(Beginning of DATA SUPPLIED)
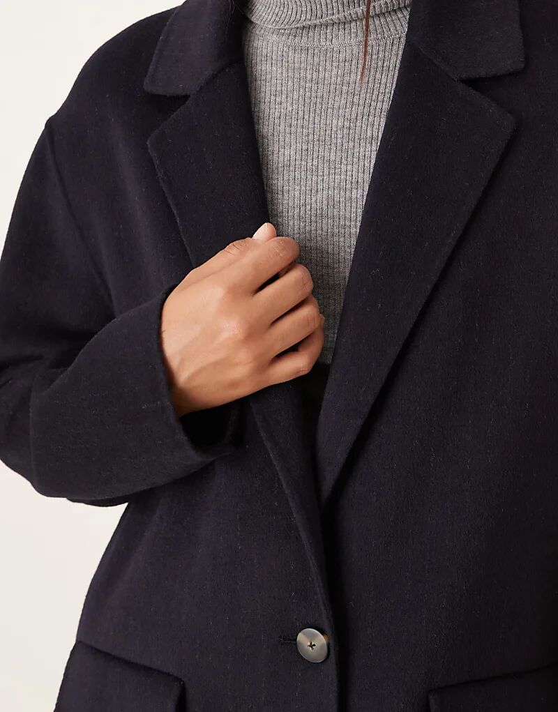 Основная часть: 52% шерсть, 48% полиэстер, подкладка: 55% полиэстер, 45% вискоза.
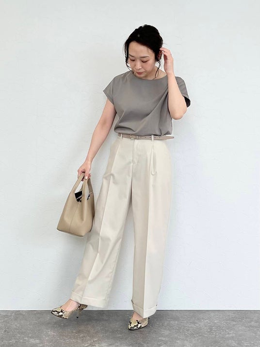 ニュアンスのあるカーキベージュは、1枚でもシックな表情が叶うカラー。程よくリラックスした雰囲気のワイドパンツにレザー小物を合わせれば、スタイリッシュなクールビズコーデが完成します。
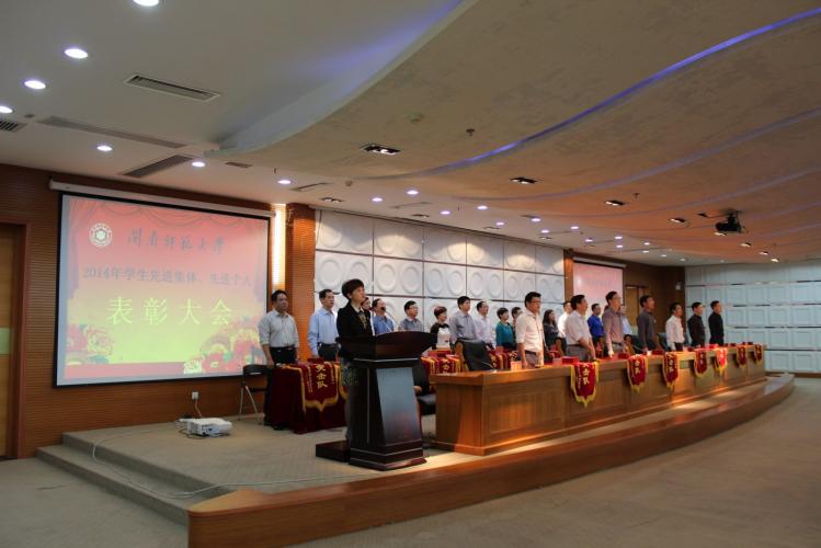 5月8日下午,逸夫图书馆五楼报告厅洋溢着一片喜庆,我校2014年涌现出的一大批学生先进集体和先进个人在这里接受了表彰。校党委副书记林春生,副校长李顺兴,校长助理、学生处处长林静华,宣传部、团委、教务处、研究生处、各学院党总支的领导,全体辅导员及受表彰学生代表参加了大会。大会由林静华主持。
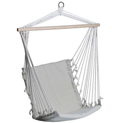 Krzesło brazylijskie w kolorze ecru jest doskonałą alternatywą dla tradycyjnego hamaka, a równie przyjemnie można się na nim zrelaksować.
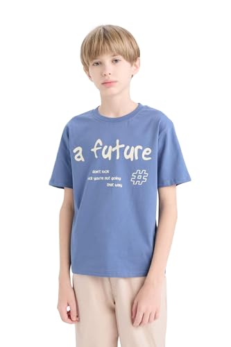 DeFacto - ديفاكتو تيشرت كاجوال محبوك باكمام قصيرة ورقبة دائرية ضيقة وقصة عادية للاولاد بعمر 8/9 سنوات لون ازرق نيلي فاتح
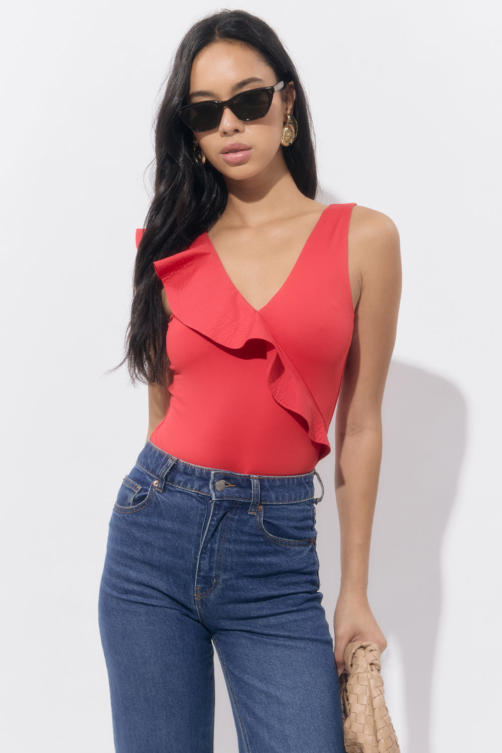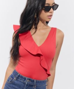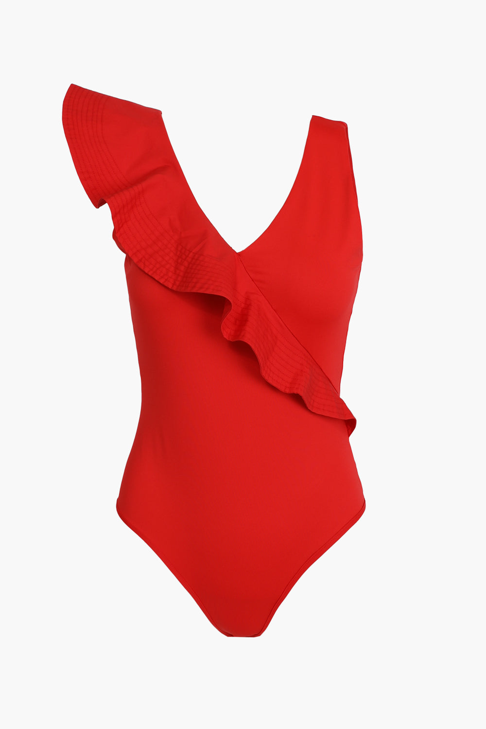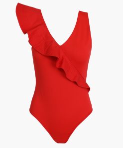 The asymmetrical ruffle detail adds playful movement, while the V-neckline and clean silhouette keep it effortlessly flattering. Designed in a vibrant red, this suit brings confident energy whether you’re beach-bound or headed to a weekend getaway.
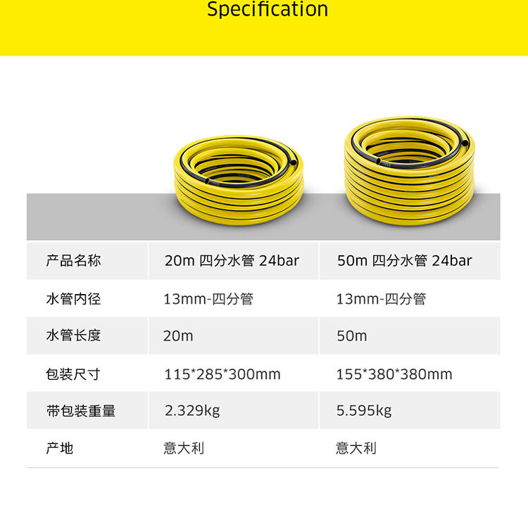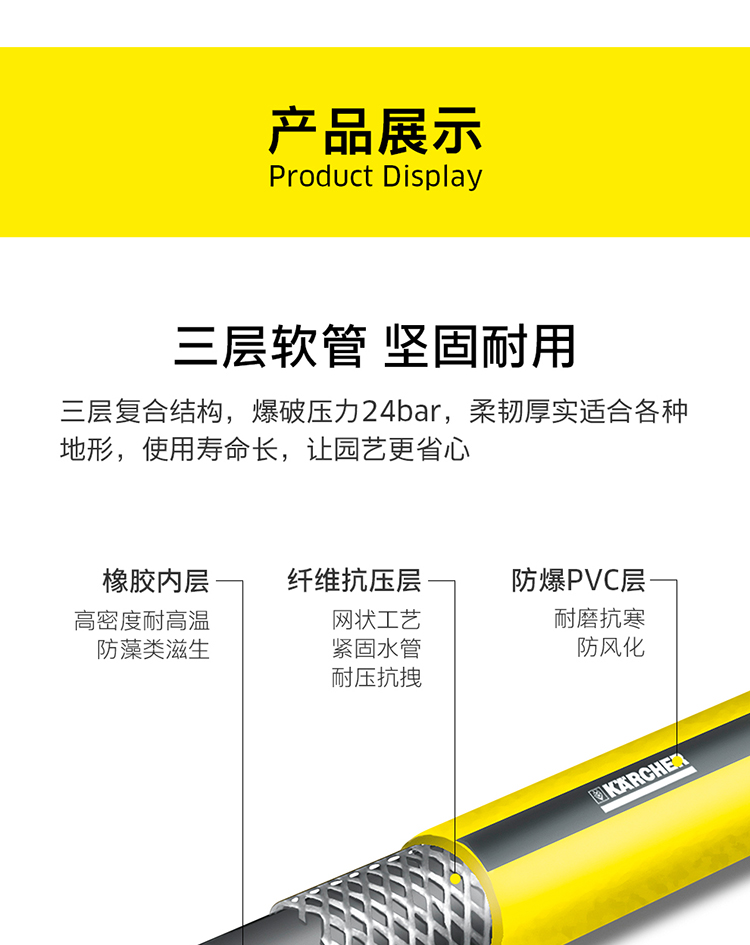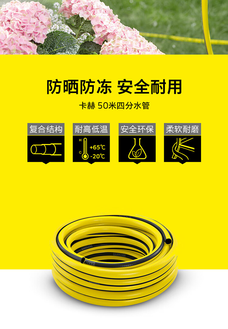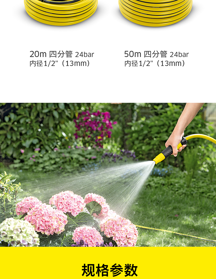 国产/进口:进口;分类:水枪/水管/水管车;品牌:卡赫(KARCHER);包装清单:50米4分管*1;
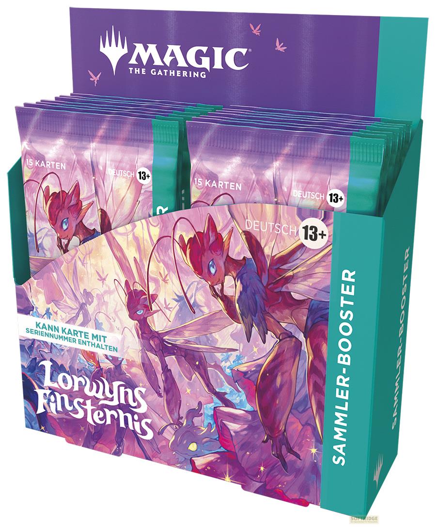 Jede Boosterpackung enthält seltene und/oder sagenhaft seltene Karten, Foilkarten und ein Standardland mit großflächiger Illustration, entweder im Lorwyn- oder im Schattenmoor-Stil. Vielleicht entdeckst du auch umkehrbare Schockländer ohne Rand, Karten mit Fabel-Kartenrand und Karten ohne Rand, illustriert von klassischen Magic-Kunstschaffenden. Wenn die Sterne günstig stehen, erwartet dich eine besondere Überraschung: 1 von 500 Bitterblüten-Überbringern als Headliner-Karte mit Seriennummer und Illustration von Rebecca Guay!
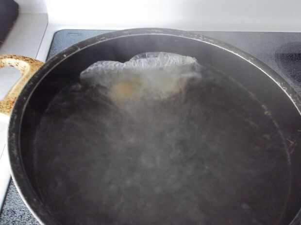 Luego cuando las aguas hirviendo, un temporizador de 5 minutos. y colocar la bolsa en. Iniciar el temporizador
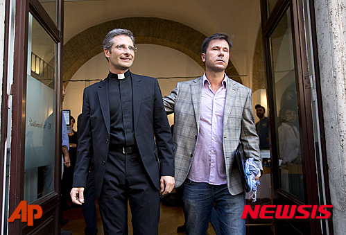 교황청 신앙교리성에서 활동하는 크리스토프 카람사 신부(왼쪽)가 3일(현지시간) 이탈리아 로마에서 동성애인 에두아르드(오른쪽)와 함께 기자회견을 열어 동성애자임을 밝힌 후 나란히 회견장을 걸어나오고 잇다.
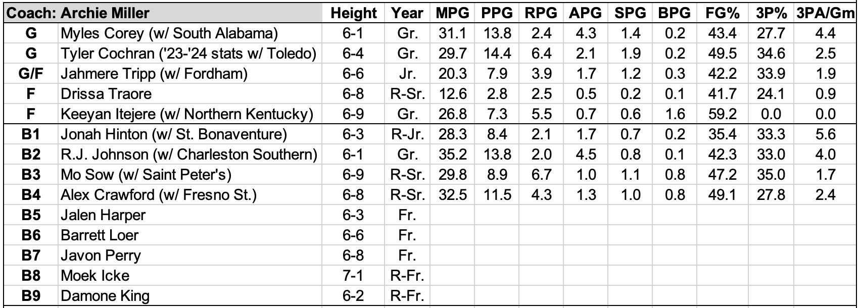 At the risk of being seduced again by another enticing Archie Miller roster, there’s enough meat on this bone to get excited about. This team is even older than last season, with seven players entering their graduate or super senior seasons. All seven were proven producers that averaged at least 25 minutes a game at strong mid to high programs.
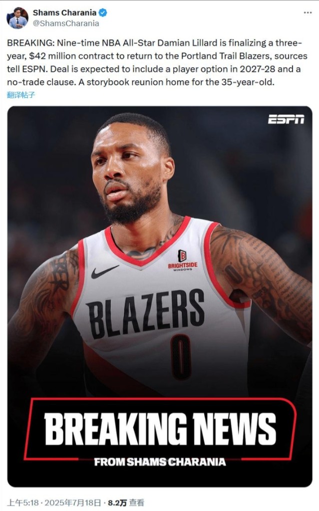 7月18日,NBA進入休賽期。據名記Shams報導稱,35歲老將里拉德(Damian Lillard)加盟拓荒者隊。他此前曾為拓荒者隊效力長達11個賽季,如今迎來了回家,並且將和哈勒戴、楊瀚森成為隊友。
(End of DATA SUPPLIED)
Produce an exact copy of the lines from the line with "Jede Boosterpackung enthält" through the last line of the data above, both ends included. No pictures belong in it.

EXPECTED OUTPUT
 Jede Boosterpackung enthält seltene und/oder sagenhaft seltene Karten, Foilkarten und ein Standardland mit großflächiger Illustration, entweder im Lorwyn- oder im Schattenmoor-Stil. Vielleicht entdeckst du auch umkehrbare Schockländer ohne Rand, Karten mit Fabel-Kartenrand und Karten ohne Rand, illustriert von klassischen Magic-Kunstschaffenden. Wenn die Sterne günstig stehen, erwartet dich eine besondere Überraschung: 1 von 500 Bitterblüten-Überbringern als Headliner-Karte mit Seriennummer und Illustration von Rebecca Guay!
 Luego cuando las aguas hirviendo, un temporizador de 5 minutos. y colocar la bolsa en. Iniciar el temporizador
 교황청 신앙교리성에서 활동하는 크리스토프 카람사 신부(왼쪽)가 3일(현지시간) 이탈리아 로마에서 동성애인 에두아르드(오른쪽)와 함께 기자회견을 열어 동성애자임을 밝힌 후 나란히 회견장을 걸어나오고 잇다.
 At the risk of being seduced again by another enticing Archie Miller roster, there’s enough meat on this bone to get excited about. This team is even older than last season, with seven players entering their graduate or super senior seasons. All seven were proven producers that averaged at least 25 minutes a game at strong mid to high programs.
 7月18日,NBA進入休賽期。據名記Shams報導稱,35歲老將里拉德(Damian Lillard)加盟拓荒者隊。他此前曾為拓荒者隊效力長達11個賽季,如今迎來了回家,並且將和哈勒戴、楊瀚森成為隊友。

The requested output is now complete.